[RECORDS Boundary: Start]

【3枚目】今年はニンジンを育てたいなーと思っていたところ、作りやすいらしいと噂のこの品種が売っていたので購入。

[RECORDS Boundary: End]
[RECORDS Boundary: Start]

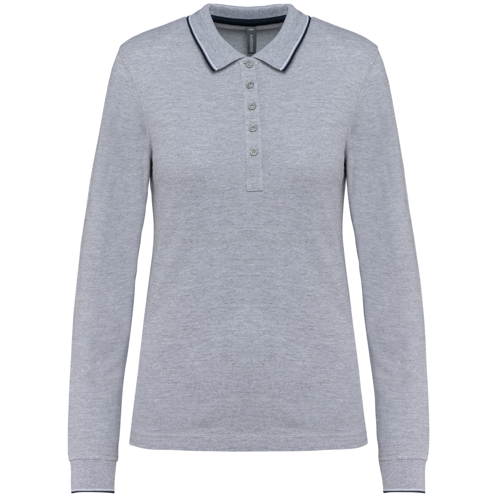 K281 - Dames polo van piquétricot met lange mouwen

[RECORDS Boundary: End]
[RECORDS Boundary: Start]

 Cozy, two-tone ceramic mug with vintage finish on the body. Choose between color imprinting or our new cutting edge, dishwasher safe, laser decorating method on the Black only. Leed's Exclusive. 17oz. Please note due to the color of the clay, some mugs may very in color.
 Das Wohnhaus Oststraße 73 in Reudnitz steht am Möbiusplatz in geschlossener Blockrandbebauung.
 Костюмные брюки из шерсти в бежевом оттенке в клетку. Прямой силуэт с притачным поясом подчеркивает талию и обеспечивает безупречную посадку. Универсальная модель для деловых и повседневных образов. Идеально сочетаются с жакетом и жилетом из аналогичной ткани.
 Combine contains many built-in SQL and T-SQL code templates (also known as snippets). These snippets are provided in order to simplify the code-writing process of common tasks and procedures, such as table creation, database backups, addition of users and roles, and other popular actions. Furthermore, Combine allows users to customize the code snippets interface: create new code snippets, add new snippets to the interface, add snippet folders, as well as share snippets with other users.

[RECORDS Boundary: End]

**EXERCISE:**
Pull out all lines in the data above that include "with".

**SOLUTION TO THE PROBLEM:**
 Cozy, two-tone ceramic mug with vintage finish on the body. Choose between color imprinting or our new cutting edge, dishwasher safe, laser decorating method on the Black only. Leed's Exclusive. 17oz. Please note due to the color of the clay, some mugs may very in color.
 Combine contains many built-in SQL and T-SQL code templates (also known as snippets). These snippets are provided in order to simplify the code-writing process of common tasks and procedures, such as table creation, database backups, addition of users and roles, and other popular actions. Furthermore, Combine allows users to customize the code snippets interface: create new code snippets, add new snippets to the interface, add snippet folders, as well as share snippets with other users.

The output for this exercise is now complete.